*Records provided*
⁂

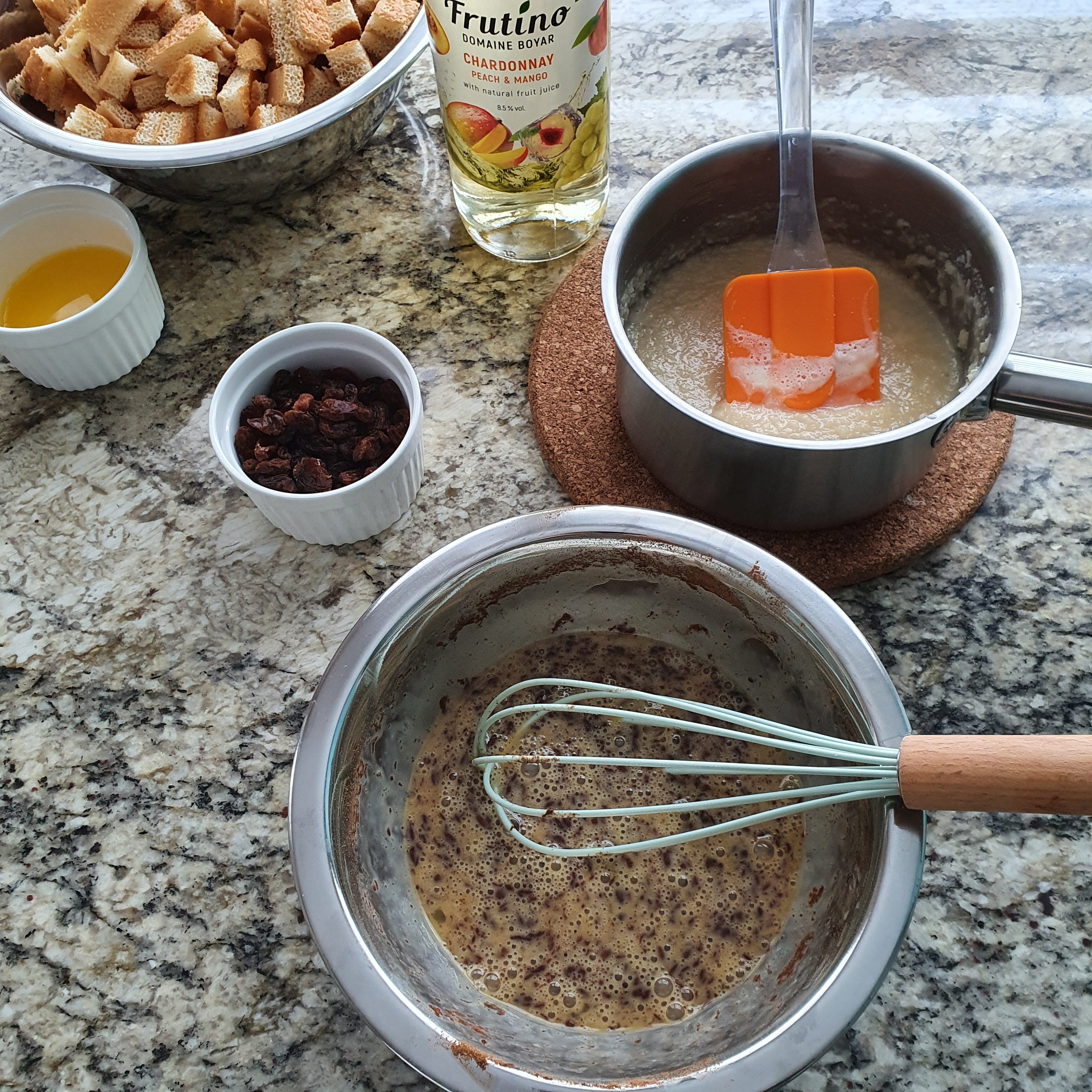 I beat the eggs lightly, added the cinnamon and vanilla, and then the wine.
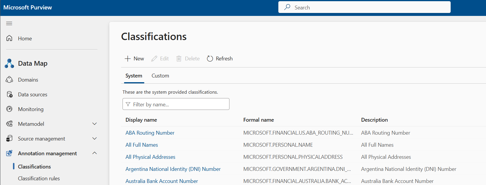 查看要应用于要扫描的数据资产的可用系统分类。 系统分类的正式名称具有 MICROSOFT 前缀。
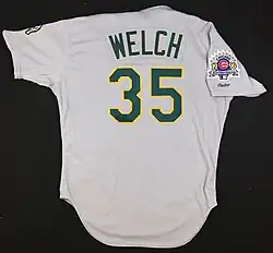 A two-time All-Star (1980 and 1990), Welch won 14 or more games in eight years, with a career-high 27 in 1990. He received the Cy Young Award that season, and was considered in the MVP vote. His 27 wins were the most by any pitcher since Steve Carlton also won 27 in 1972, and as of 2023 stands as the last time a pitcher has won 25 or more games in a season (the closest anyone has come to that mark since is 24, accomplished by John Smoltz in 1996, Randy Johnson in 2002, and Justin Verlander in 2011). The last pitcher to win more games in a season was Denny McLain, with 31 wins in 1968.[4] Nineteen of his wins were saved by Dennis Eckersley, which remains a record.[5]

⁂

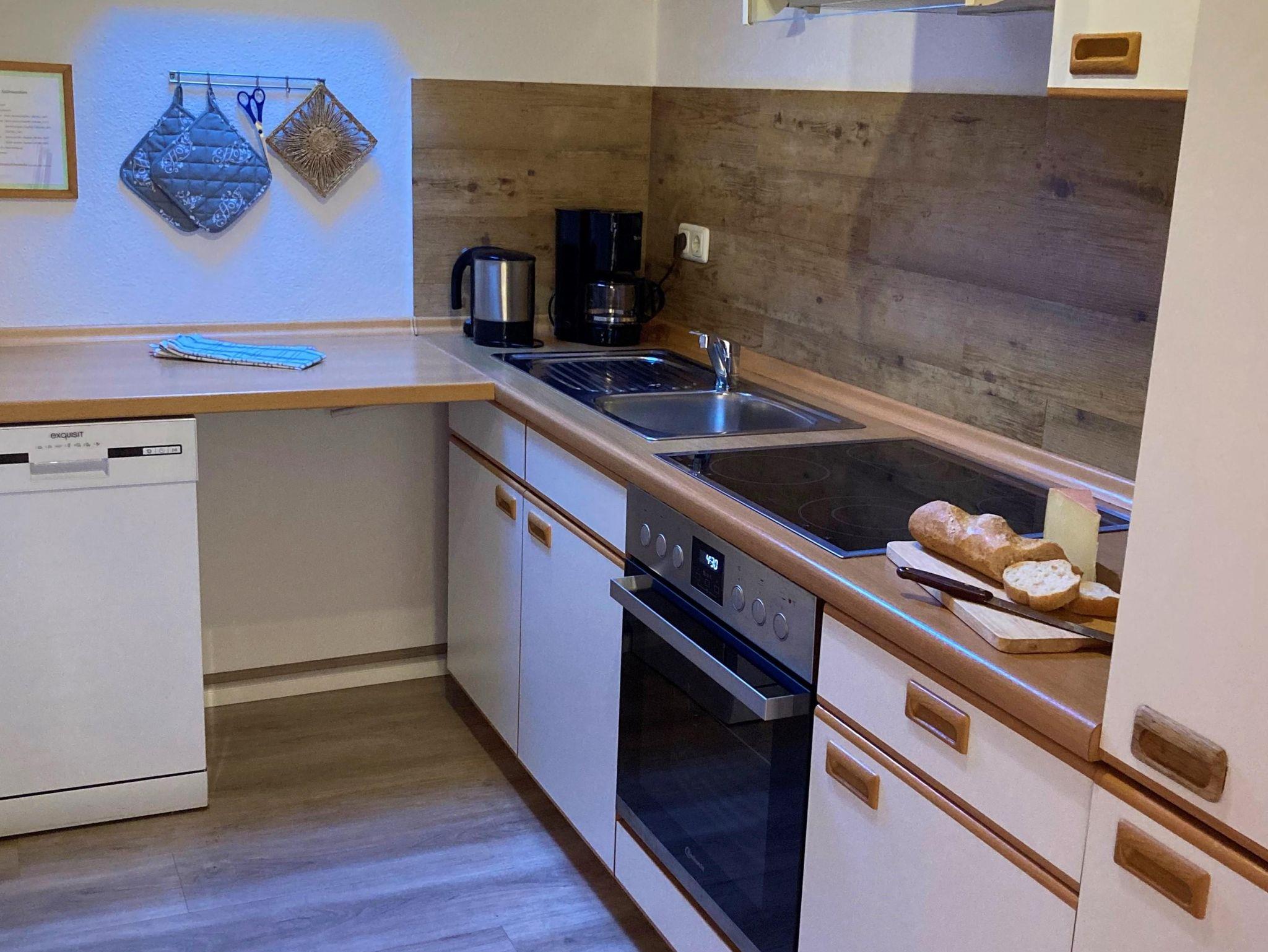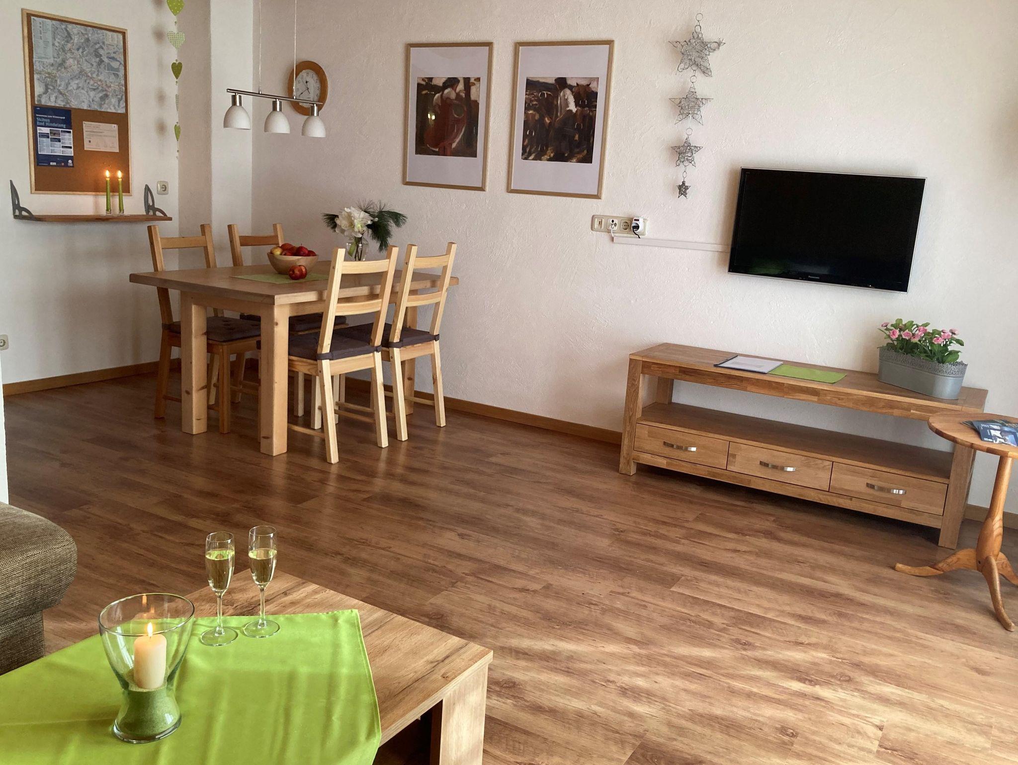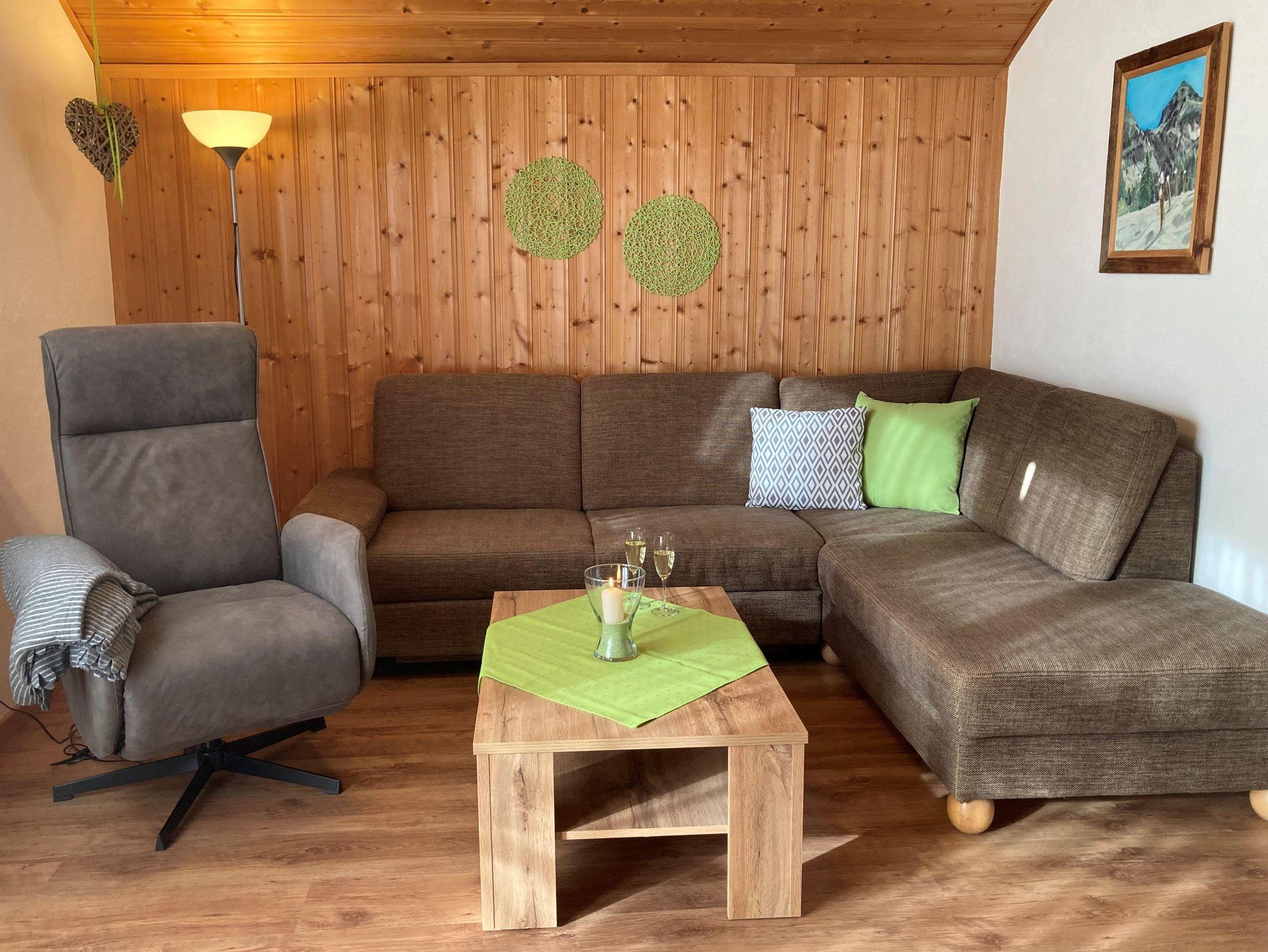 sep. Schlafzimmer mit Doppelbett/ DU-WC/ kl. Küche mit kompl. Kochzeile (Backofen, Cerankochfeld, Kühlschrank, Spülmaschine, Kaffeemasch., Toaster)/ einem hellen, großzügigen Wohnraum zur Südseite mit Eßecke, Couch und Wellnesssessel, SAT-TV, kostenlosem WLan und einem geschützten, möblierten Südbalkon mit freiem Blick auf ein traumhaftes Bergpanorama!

⁂

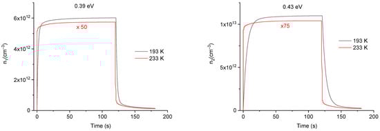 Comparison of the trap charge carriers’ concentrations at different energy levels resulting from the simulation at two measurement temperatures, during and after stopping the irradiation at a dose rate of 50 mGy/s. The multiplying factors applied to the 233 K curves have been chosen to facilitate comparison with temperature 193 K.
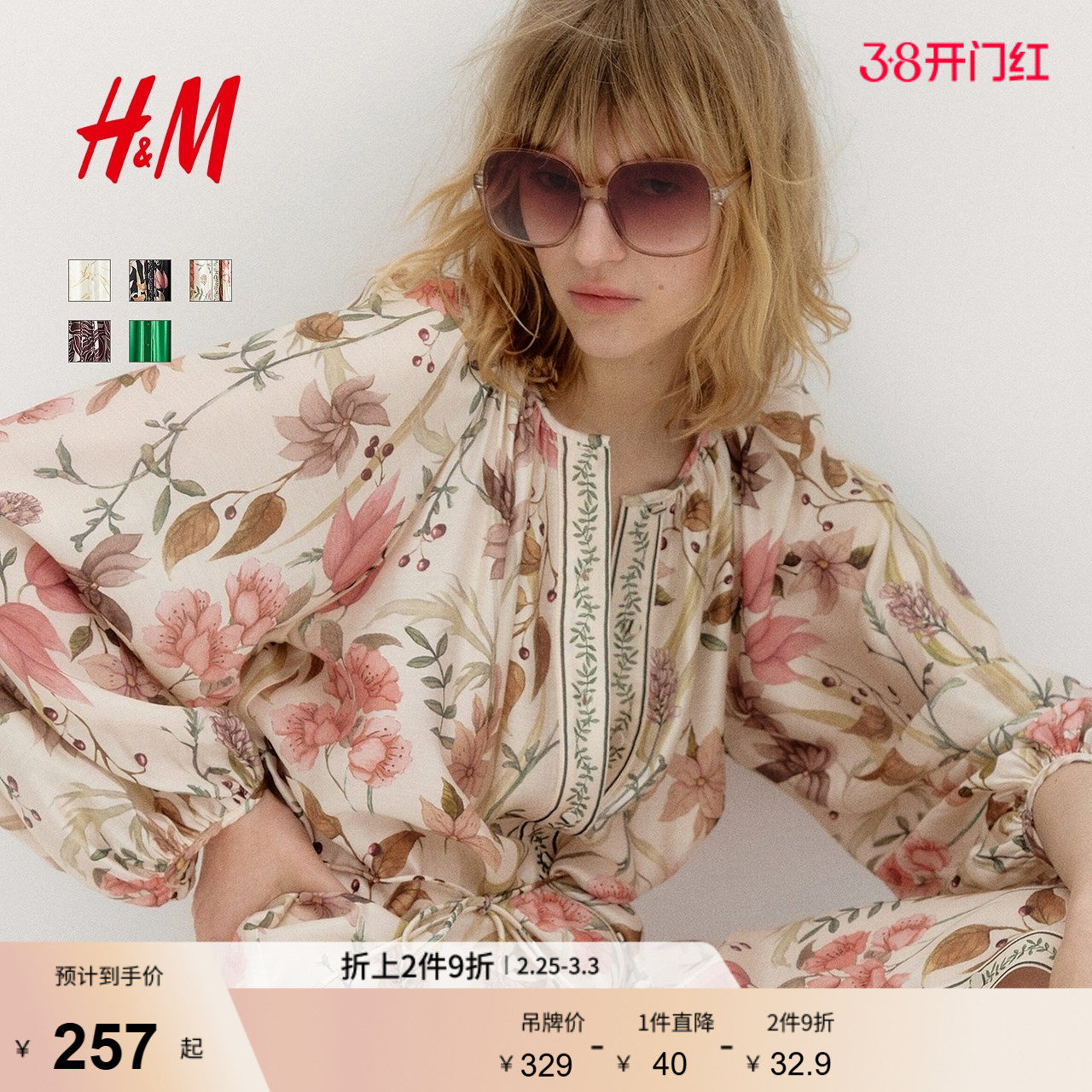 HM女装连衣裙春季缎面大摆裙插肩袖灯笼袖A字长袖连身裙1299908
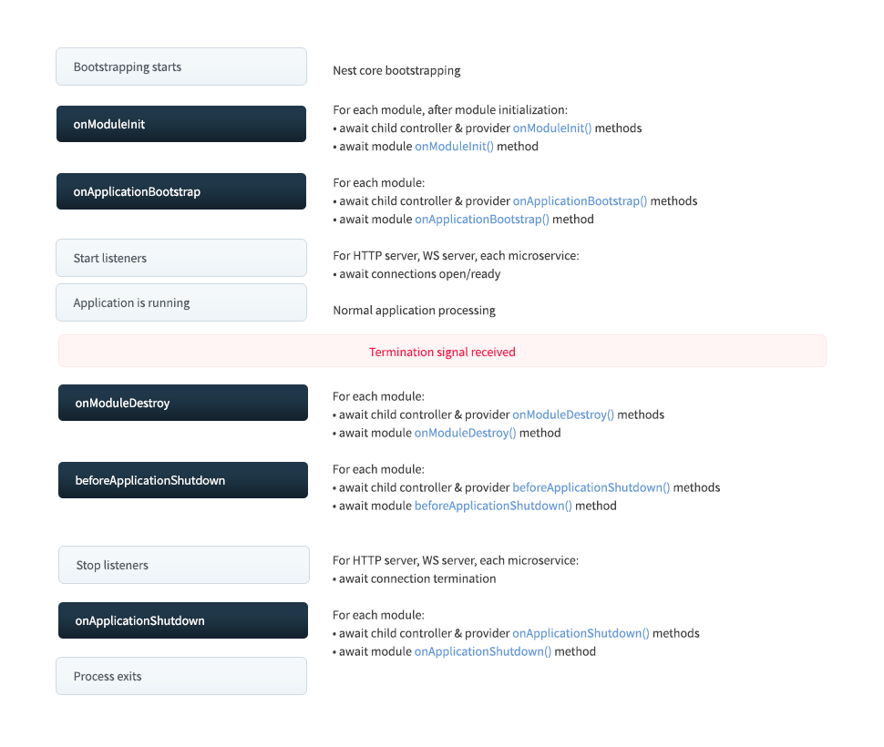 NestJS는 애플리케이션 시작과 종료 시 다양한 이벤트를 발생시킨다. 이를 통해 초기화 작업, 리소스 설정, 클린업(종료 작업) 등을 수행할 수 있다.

⁂

*Problem to work on*
Only one stretch of the material above is wanted: the line containing "I beat the eggs" through the line containing "查看要应用于要扫描的数据资产的可用系统分类。 系统分类的正式名称具有 MICROSOFT". Restate it word for word, minus the pictures.

*Task solution*
 I beat the eggs lightly, added the cinnamon and vanilla, and then the wine.
 查看要应用于要扫描的数据资产的可用系统分类。 系统分类的正式名称具有 MICROSOFT 前缀。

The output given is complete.